At p 354 his Honour said:
"So far as possible, the issue of reasonable foreseeability of risk in breach of duty situations should no longer be determined in isolation from the issue of reasonable preventability and the ultimate issue of what reasonable care requires. Indeed at the breach stage, it is better to avoid the question of reasonable foreseeability. Instead, courts should see their task as that of deciding whether the defendant knew or ought to have recognised that he or she had created an unreasonable risk of harm to others. Whether the creation of the risk was unreasonable must depend upon whether reasonable members of the community in the defendant's position would think the risks sufficiently great to require preventative action. This is a matter for judgment after taking into account the probability of the risk occurring, the gravity of the damage that might arise if the risk occurs, the expense, difficulty and inconvenience of avoiding the risk and any other responsibilities that the defendant must discharge."
At p 355 his Honour said:
"We should return to Lord Atkin's test (Donoghue v Stevenson (1932) AC 562 at 580) that: 'you must take reasonable care to avoid acts or omissions which you can reasonably foresee would be likely to injure your neighbour.' … What is foreseeable is a question of fact – prediction if you like. But reasonableness is a value. At least in some situations, policy issues may be relevant to the issue of reasonable foresight because reasonableness requires a value judgment … But whether or not such policy matters are a factor in the foresight issue, the concept of 'likelihood' in Lord Atkin's formulation does not require the defendant to take into account remote possibilities of harm. The defendant is no more bound to take them into account than he or she is entitled to take into account only those risks whose chance of occurring is more probable than not."

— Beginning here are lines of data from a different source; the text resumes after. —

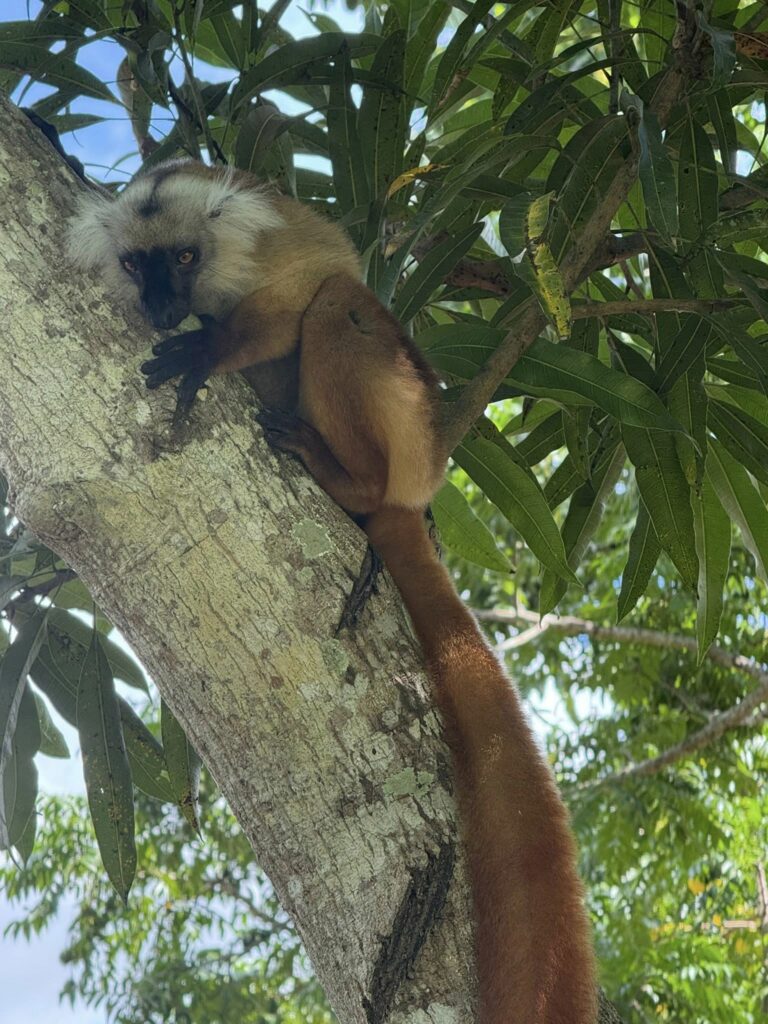 Et soudain, entre les branches… des lémuriens. Un mâle noir. Une femelle à la queue rousse. Un moment de grâce.
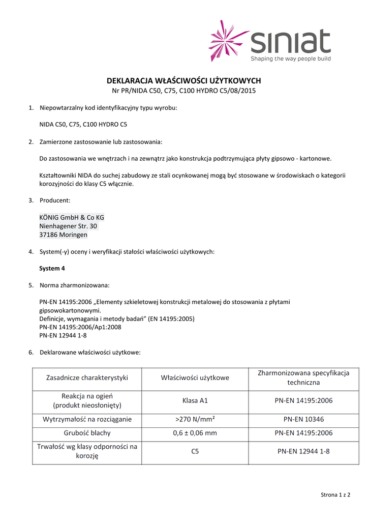DEKLARACJA WŁAŚCIWOŚCI UŻYTKOWYCH Nr PR/NIDA C50, C75, C100 HYDRO C5/08/2015 1. Niepowtarzalny kod identyfikacyjny typu wyrobu: NIDA C50, C75, C100 HYDRO C5 2. Zamierzone zastosowanie lub zastosowania: Do zastosowania we wnętrzach i na zewnątrz jako konstrukcja podtrzymująca płyty gipsowo - kartonowe. Kształtowniki NIDA do suchej zabudowy ze stali ocynkowanej mogą być stosowane w środowiskach o kategorii korozyjności do klasy C5 włącznie. 3. Producent: KÖNIG GmbH & Co KG Nienhagener Str. 30 37186 Moringen 4. System(-y) oceny i weryfikacji stałości właściwości użytkowych: System 4 5. Norma zharmonizowana: PN-EN 14195:2006 „Elementy szkieletowej konstrukcji metalowej do stosowania z płytami gipsowokartonowymi. Definicje, wymagania i metody badań” (EN 14195:2005) PN-EN 14195:2006/Ap1:2008 PN-EN 12944 1-8 6. Deklarowane właściwości użytkowe: Strona 1 z 2 Właściwości użytkowe określone powyżej wyrobu są zgodne z zestawem deklarowanych właściwości użytkowych. Niniejsza deklaracja właściwości użytkowych wydana zostaje zgodnie z rozporządzeniem (UE) nr 305/2011 na wyłączną odpowiedzialność producenta określonego powyżej. W imieniu producenta podpisał: Maciej Januszewski KIEROWNIK PRODUKTU ……………………………………………………………… (nazwisko i stanowisko) Warszawa, 31.08.2015 ……………………………………. (miejsce i data wydania) ……….……………………. (podpis) Strona 2 z 2
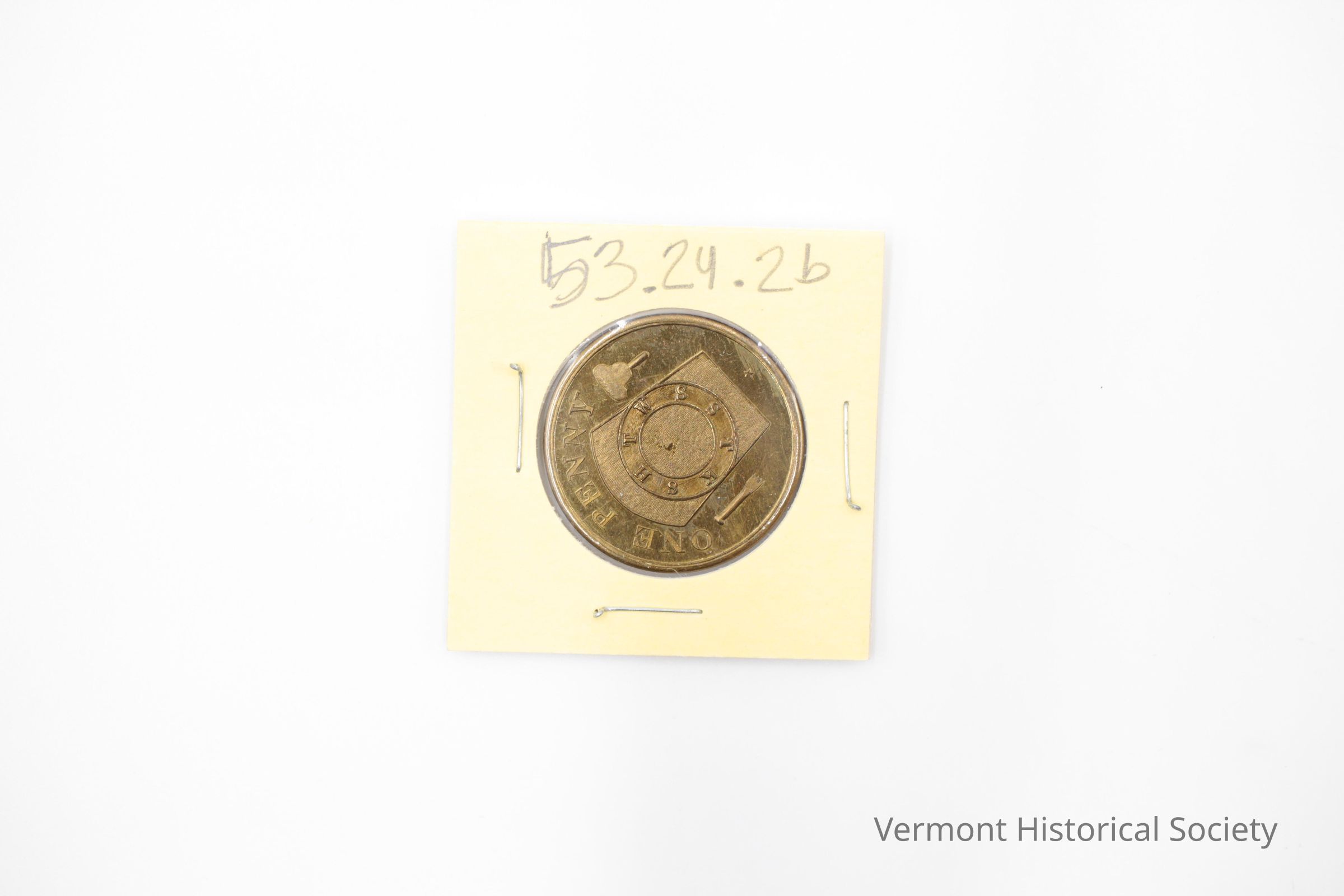 Bronze token the words "ONE PENNY" on the obverse with an olive branch at the bottom, a tablet with a circle of initials "H T W S S T K S" in the center, a chisel, and a funnel. On the other side of the coins are the words, "Cleveland Chapter No. 20 R.A.M. Newport, Vt.Use
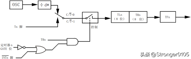 1.如果要让定时器0工作,那么 TR0 就必须置 1,及与门另一输入为1。
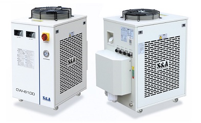 ■製品名:1ポンプ/2温度ファイバレーザ用チラー CW-61001ポンプ/2温度チラーCW-6100は1台のポンプでレーザ本体と光学レンズなどの部品を同時に冷却できるファイバレーザ用水冷式チラーで、700W – 800Wのファイバレーザの冷却に利用できます。コスト節減、省スペース、小型で簡単に移動できる使い易いチラーです。温度制御には、一定温度モードと周囲温度に合わせて調節できる2つのモードがあります。スイッチONで直ぐに動作し、季節によって周囲温度が変わっても自動調節します。
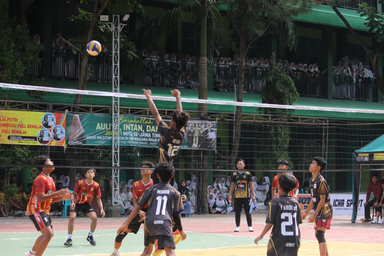 LAMONGAN – Gemuruh sorak sorai penonton memadati lapangan utama Madrasah Aliyah (MA) Matholi'ul Anwar Simo, Desa Sungelebak, Kecamatan Karanggeneng, Kabupaten Lamongan, pada Sabtu (31/1/2026). Pukul 08.00-11.00 WIB. Suasana kompetisi memuncak saat digelarnya babak final turnamen bola voli putra dalam ajang Porseni Smart Combat 2026. Turnamen bergengsi tingkat pelajar ini resmi ditutup dengan laga pamungkas yang mempertemukan MTs Putra Putri Simo melawan MTs Al Ihsan Tenggulun, dan MTs Darul Ma’arif melawan SMP Negeri 1 Mantup. Pertandingan berjalan alot dengan aksi saling berbalas smash keras dan pertahanan yang solid dari kedua kubu. Setelah melalui pertarungan 5 set yang melelahkan, tim MTs Putra Putri Simo akhirnya berhasil mengukuhkan diri sebagai champion. Kemenangan ini memastikan mereka membawa pulang trofi bergengsi Juara 1 Porseni Smart Combat 2026.
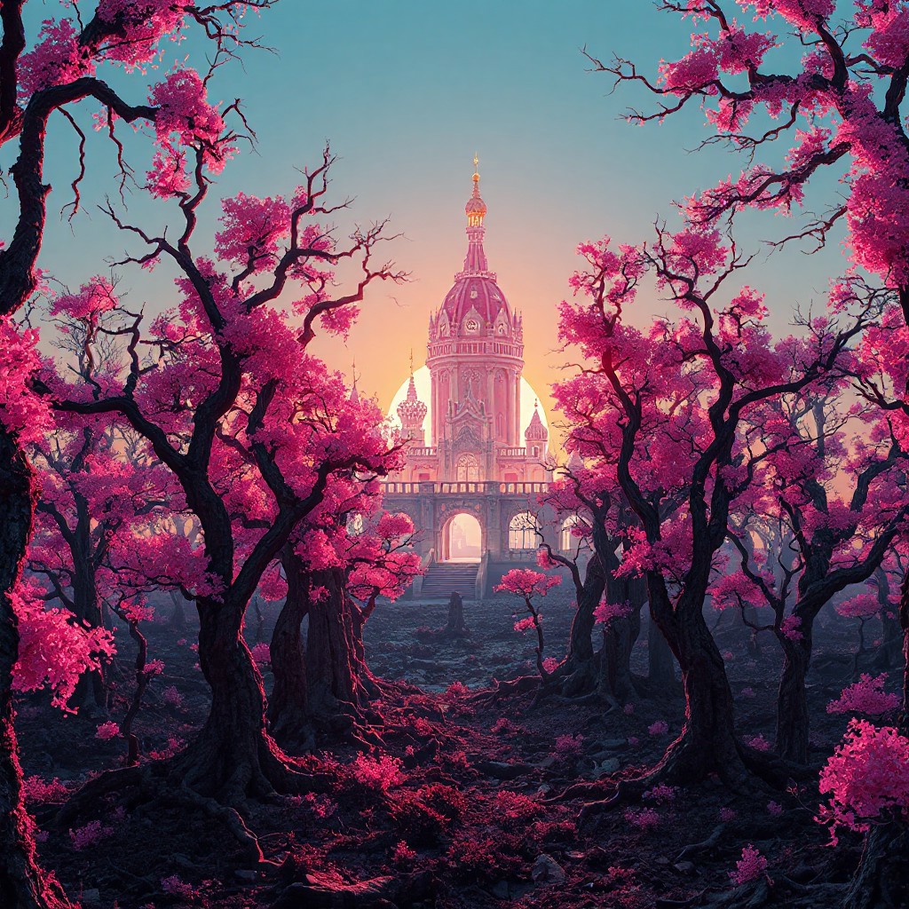 a pink crystal palace sitting in the middle of a twisted diseased forest, light emanates from the palace coloring the trees around it with a pink hue, the sun sets behind the palace
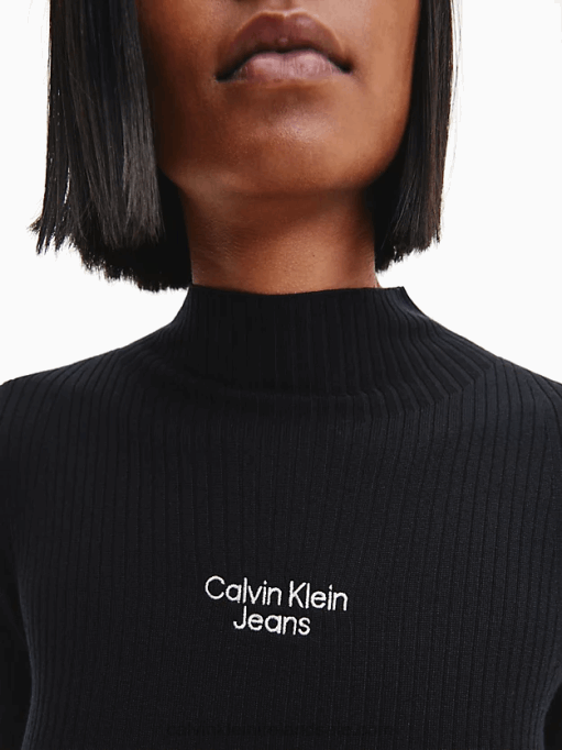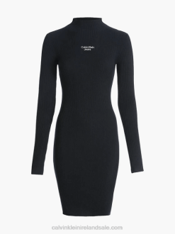 F64Z1929 Black Women Calvin Klein Slim Rib-Knit Jumper Dress
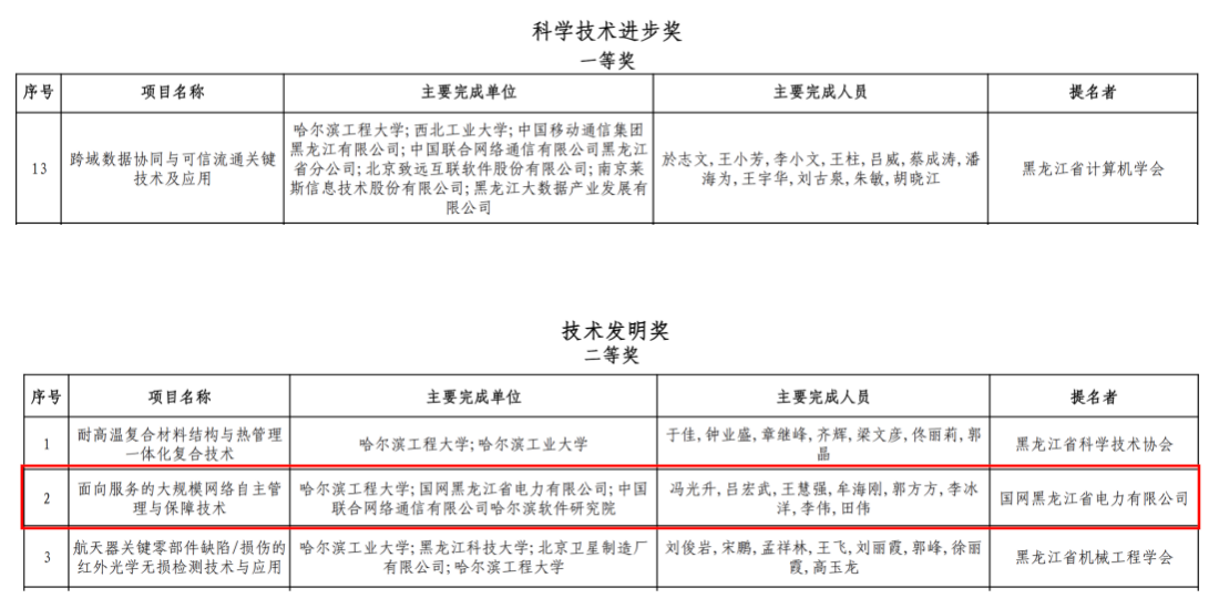 矢志耕耘,喜撷硕果!8月30日,黑龙江省科技厅发布了《关于2023年度黑龙江省科学技术奖获奖名单的公告》,学院荣获黑龙江省科学技术奖2项。其中,於志文教授主持完成的“跨域数据协同与可信流通关键技术及应用”项目荣获科学技术进步奖一等奖,是我校唯一获评的科学技术进步一等奖。冯光升教授主持完成的“面向服务的大规模网络自主管理与保障技术”项目荣获技术发明奖二等奖。
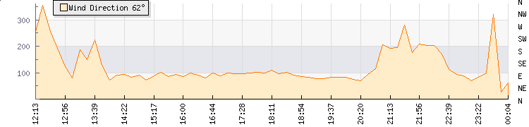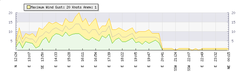In the last few minutes the wind was Southerly at an average speed of 1 knots, reaching up to 1 knots and a low of 0 knots. The gust strength is1 knots above the minimum speed |
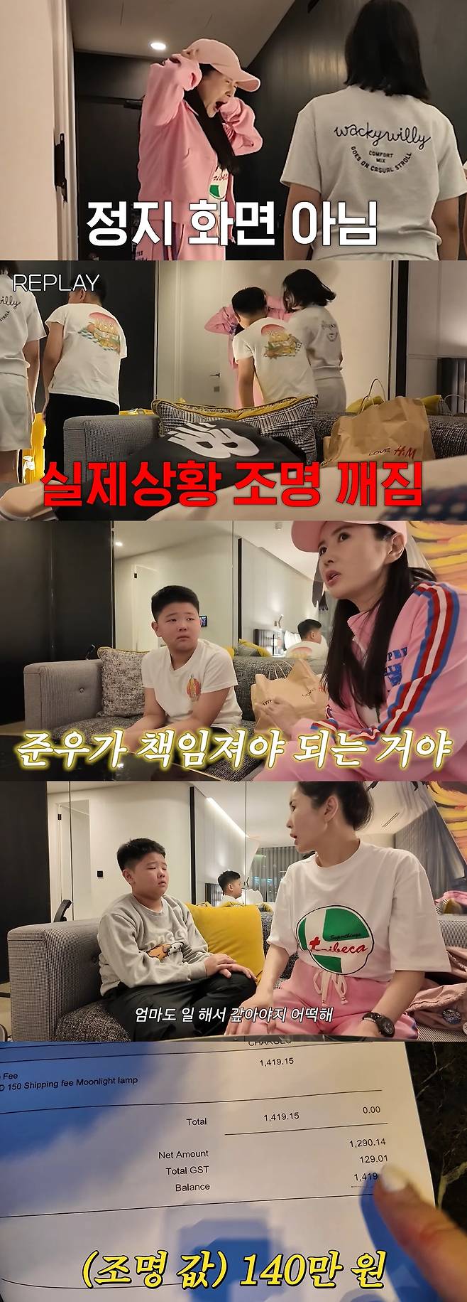 곧바로 호텔방을 찾은 직원은 깨진 조명을 사진으로 남겼고 비용이 발생할 것이라고 설명했다. 장영란은 준우에게 "준우 용돈에서 조명 값을 뺄 수밖에 없다. 200만원 물어달라고 하면 어쩔래. 준우 200만원 없잖아. 준우가 책임 져야하는 거야"라고 훈육했고 준우는 12년 평생 모은 50만원을 장영란에게 주기로 했다.
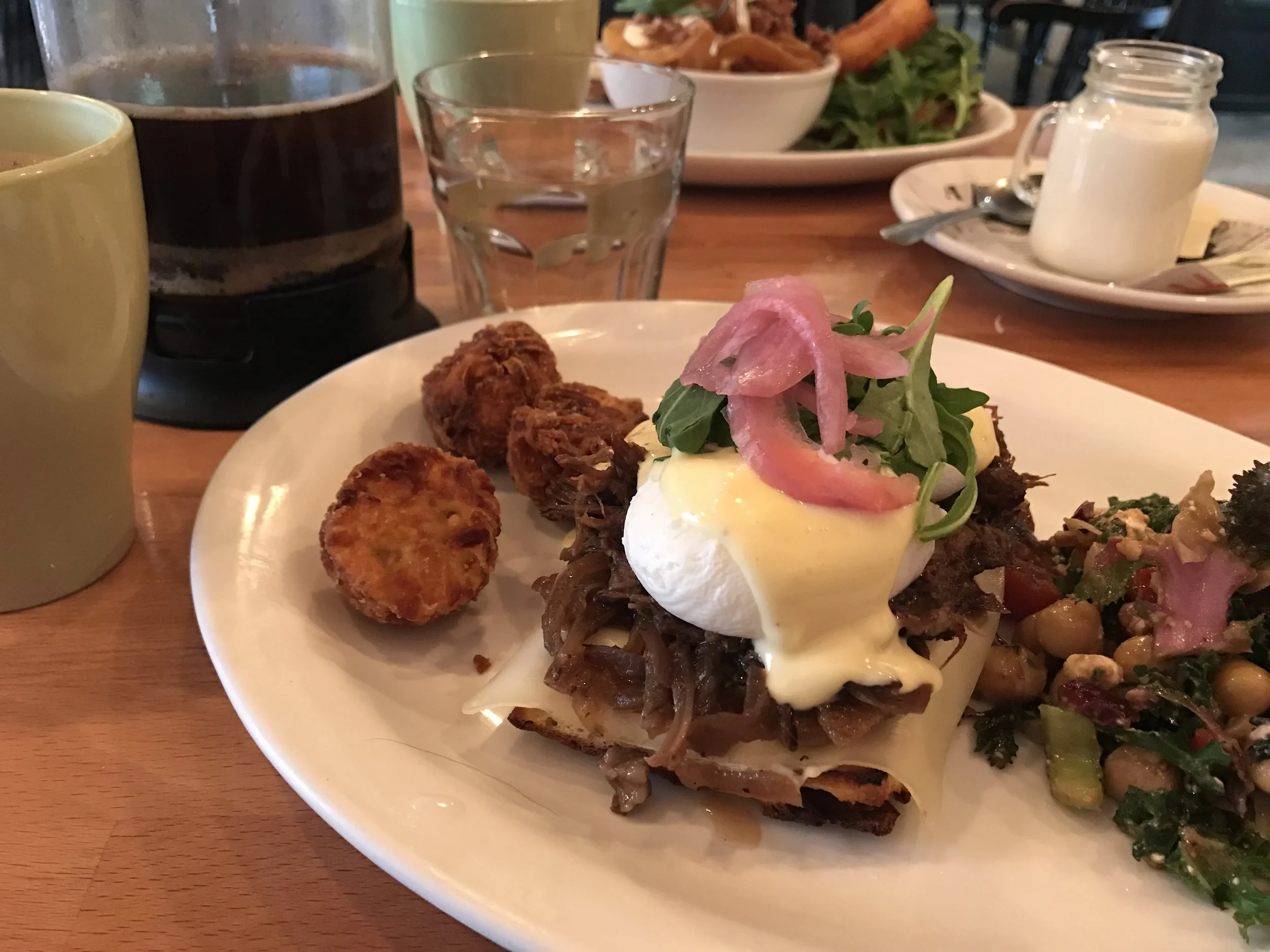 After consuming this park's natural pocket-sized wonder and assuring ourselves that our restless souls had been replenished, we decided it was time for some additional comfort. We found anything and everything else we needed to fill any remaining unoccupied soulful spaces within ourselves at Wooden Spoon in White Rock. It was almost upon arriving that this occurred. Open the door and let one waft of mouth-watering decadence wash over you. Yum. I had the Short Rib benny with my eggs poached soft. Every single ingredient on this menu item's description is meant to corrupt you and leave you peaceful at the same time (hmmm, perhaps it's name says more than I first recognized?). I mean house made kahlua jus and horseradish aioli?! The red pickled onions put this dish over the top and added just a titch of sweet and sour to a very savoury, thick, and unforgettable dish. It was equally refreshing to order coffee and receive a French press carafe all for me to enjoy at my leisure. Worried you won't be able to eat leisurely? You can, even if you bring the kids. A well-appointed play room complete with a wall-sized chalkboard means you can have your benny and eat it too.
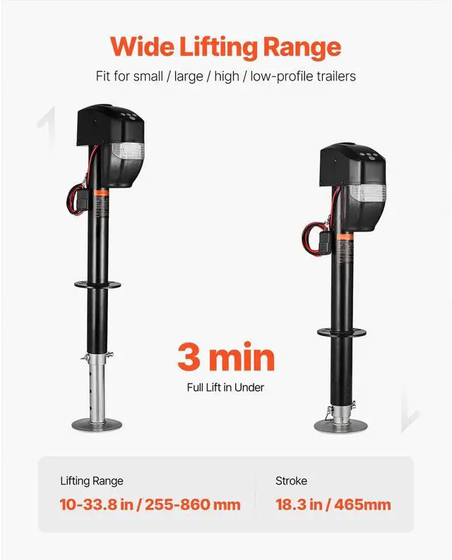 • Electric Trailer Jack 5000 lbs Power Tongue Jack for RV Trailer & Camper Black

The performance of the Mitsubishi as described by the plaintiff was not, having regard to all the evidence, reasonably foreseeable.
Accepting as I do, the evidence of Dr Henderson, which is not inconsistent with any of the medical evidence adduced, I find that the risk of injury from the potential of the transmission to malfunction, was negligible. The possibility of malfunction resulting in physical injury was remote.
The steps taken by the second defendant to address transmission problems as and when they were reported to dealers was an entirely appropriate response having regard to its knowledge and understanding of the potential difficulties, the likelihood and nature of malfunction, and the likelihood of damage. It was not, in all the circumstances in breach of any duty to the plaintiff.